Abe’s call was part of measures to encourage greater female participation in the workforce, one of the major pillars of his “Abenomics” reforms aimed at revitalizing the economy.
Among all national civil servants hired in fiscal 2013, which ended March 31, including rank-and-file clerical positions, 26.8 percent were female. The ratio was 27.3 percent among those who were hired for career-track administrative positions. Abe’s goal, issued last November, is to be reached in fiscal 2015, the year that starts next April 1.
“This year we (recruiters from the central government ministries and agencies) are competing with each other for female students. Our office isn’t so popular among women, so we’re having a hard time,” an official said during a job briefing session for university students in mid-April.
Students expecting to graduate next March took examinations for career-track jobs from April 27 to June 13, and results were released June 23. Those who passed the exams then visited ministries and agencies of their choice for interviews between June 25 and July 9. Successful candidates have been fielding job offers since July 10.
For the applicants, the two-week interview period was undoubtedly the most crucial opportunity to impress recruiters in hopes of landing a job at the office of their top choice. For the recruiters it was also the most important stage as they vied with each other for the cream of the crop.
The ministries and agencies were prohibited from contacting prospective candidates while the exams were ongoing, as well as during the two days between the announcement of exam results and the start of the interview period.
But many recruiters broke the rule, according to a senior official at one government office.
In some cases, female senior officials phoned female students who had passed the exams as soon as the results were known, so as to encourage the students to join their office, the official said on condition of anonymity.
Ministries and agencies also made various efforts to attract female candidates. The Finance Ministry, for example, offered five career-track places — an unprecedented number — to female candidates for fiscal 2014. For recruitment next spring, it increased the number of briefing sessions this year for female students by 1½ times that in the previous year.
The Financial Services Agency, which already achieved a 50-50 ratio in its hiring for career track jobs in fiscal 2014, appointed a 34-year-old female official as an assistant section chief in charge of recruitment. This in itself was new as such positions are usually held by men.
One of the most successful examples in hiring women was at Health, Labor and Welfare. The ministry is known for being relatively proactive in the employment and advancement of female staff.
Last year, Atsuko Muraki, 58, was promoted to vice minister to become only Japan’s second-ever female vice minister.
Recruiters at some ministries and agencies were desperate.
Among them was the Ministry of Land, Infrastructure, Transport and Tourism, where women formed only 16 percent of all newly hired career track employees for fiscal 2013.
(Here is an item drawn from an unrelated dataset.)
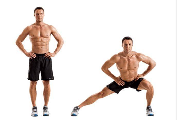 2. Боковые выпады. Упражнение, аналогичное предыдущему, с той разницей, что выпады будут в сторону. Делаем как можно
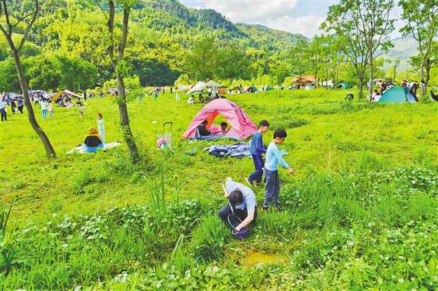 5月2日,萬(wàn)盛經(jīng)開區(qū)黑山鎮(zhèn)魚子村,市民在山野里露營(yíng)游玩。今年“五一”假期,露營(yíng)休閑成為不少市民的選項(xiàng)。記者 崔力 攝/視覺(jué)重慶

“I hope to see many women take up jobs in (the fields of) engineering and construction. It’s important for the land ministry itself to set an example,” minister Akihiro Ota said.
Another ministry that had a tough time meeting the 30 percent goal was Internal Affairs and Communications.
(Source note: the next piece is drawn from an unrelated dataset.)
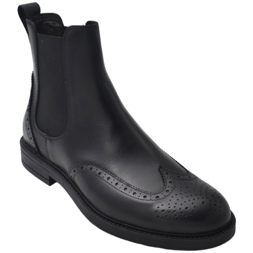 Stivaletto uomo Chelsea Beatles elastico vera pelle nappa nero gomma nera roccia zigrinata casual made in italy handmade.

Many posts in the ministry require frequent relocations, which tends to be unattractive to women, a senior official said.
Meanwhile, female job seekers were taking the situation coolly.
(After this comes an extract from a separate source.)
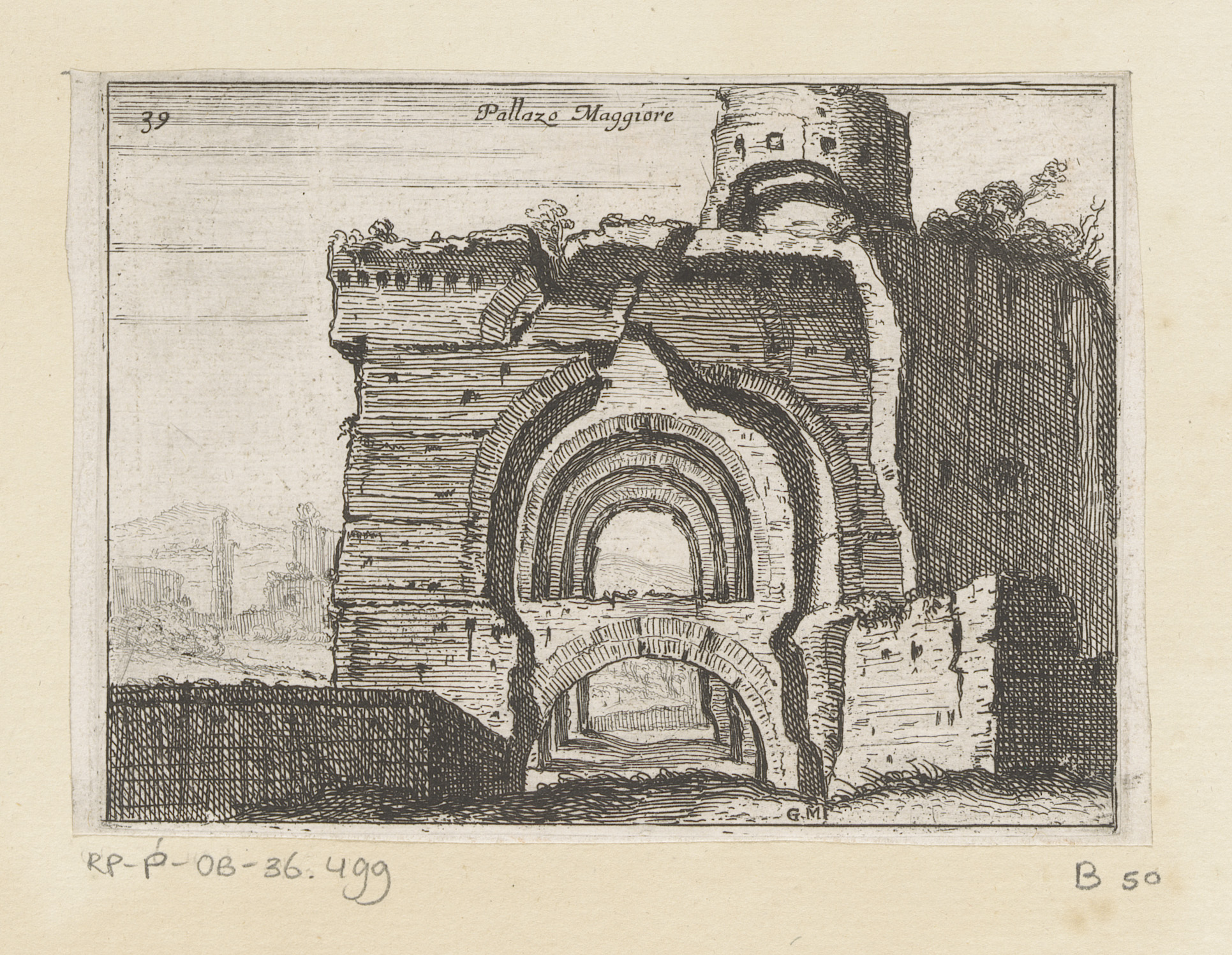 Ruïnes van Palazzo Maggiore te Rome en gebouwen in d...

A 23-year-old graduate school student at the University of Tokyo said, “I think it’s nice for a target to be set, but in the end, what’s important is to be able to work irrespective of sex.”
She was hoping to land a job either in the Cabinet Office or the Health, Labor and Welfare Ministry.
The scramble to employ more women into national civil service is likely to remain a challenging task for recruiters for some time.
Nahomi Ichimiya, 65, who became the first woman to lead the National Personnel Authority, said during a news conference upon taking office in April that “persistent efforts” by the central government are important with regard to promoting women’s full participation in the civil service.
“I would not want to let it be just a temporary boom,” she said.